Jackie’s mother, Maria Vallesceros, also noticed the
positive effect that US had on the youth
participants.
"The program was very interesting. There were many
kids and we, the parents and community, got to see
them in a different light. These types of programs
are good because the kids get involved in doing
something different, something new that they might
not typically do. It helps the kids to stay away from
drugs and to stay away from bad things on the
streets. The kids did a good job using their
creativity to write the plays and it was good to be
there on performance day with other parents
supporting our kids.
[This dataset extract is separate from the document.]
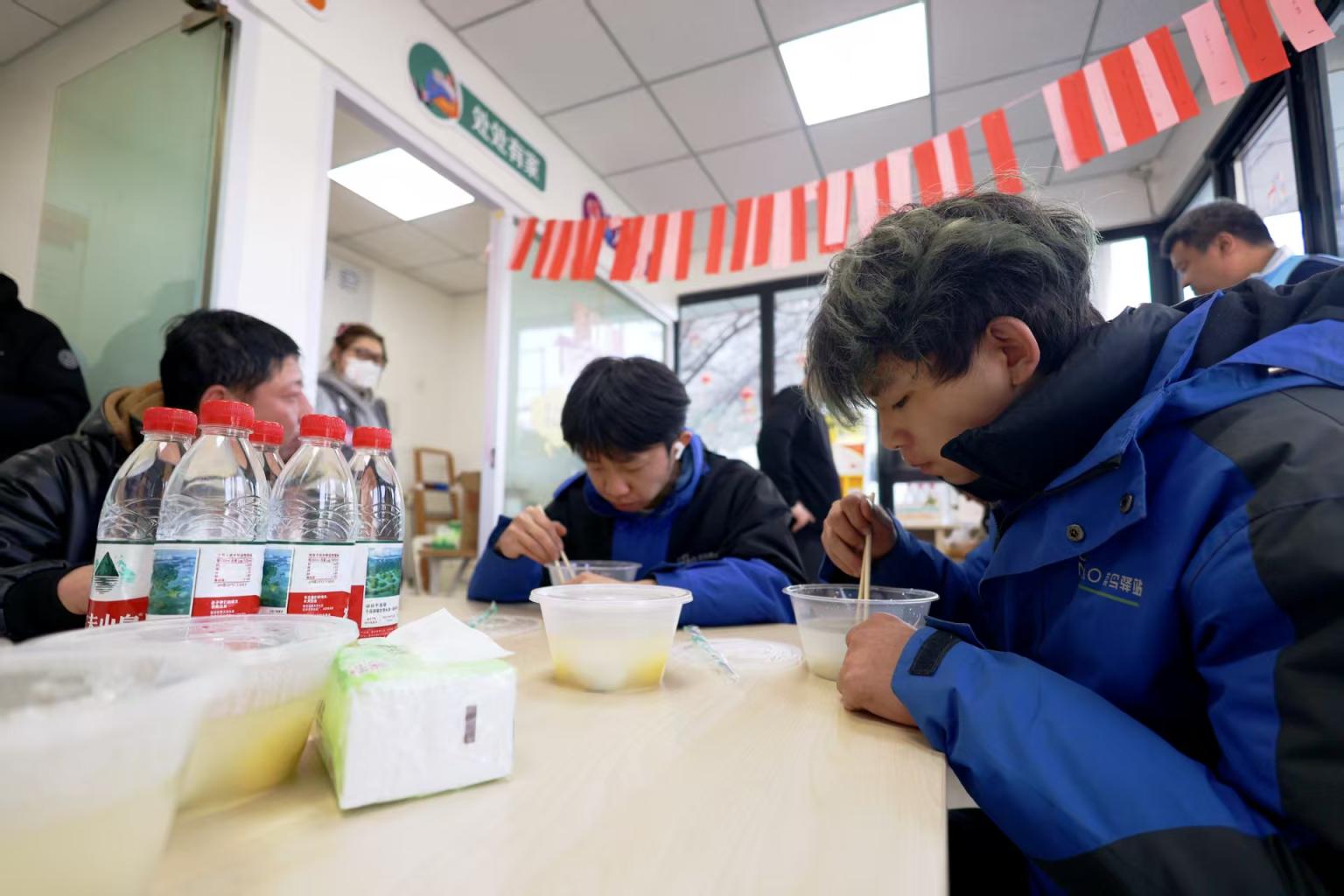 下午两点,和平东桥和美爱新驿站内暖意融融。活动邀请了30名来自一线的外卖骑手、快递员和网约车司机,其中不少是积极参与社区志愿服务的“小哥达人”和快递网点负责人。热气腾腾的元宵刚出锅,大家一边品尝着甜糯的元宵,一边开动脑筋猜灯谜。

If there were more programs like
this, there would be fewer problems in our
community."
By working with students in fifth grade, US aims to
provide supportive services to youth that make up the
youngest group currently being targeted in gang
recruitment.
Early and effective programming is vital for gang
prevention, according to the city’s report.
Consistency is also important, which is why in the
future US hopes to offer programming to youth in
Pacoima middle and high schools in addition to
elementary schools. With constructive enrichment
programs, youth will be deterred from gang
involvement and will instead find support and
direction through theatre. Their caring new family of
teachers, mentors, and volunteers will help them on
their journey.
Jackie Barajas, for one, can’t wait to see US come
back to her school.
“I really want to be in more plays!” she said.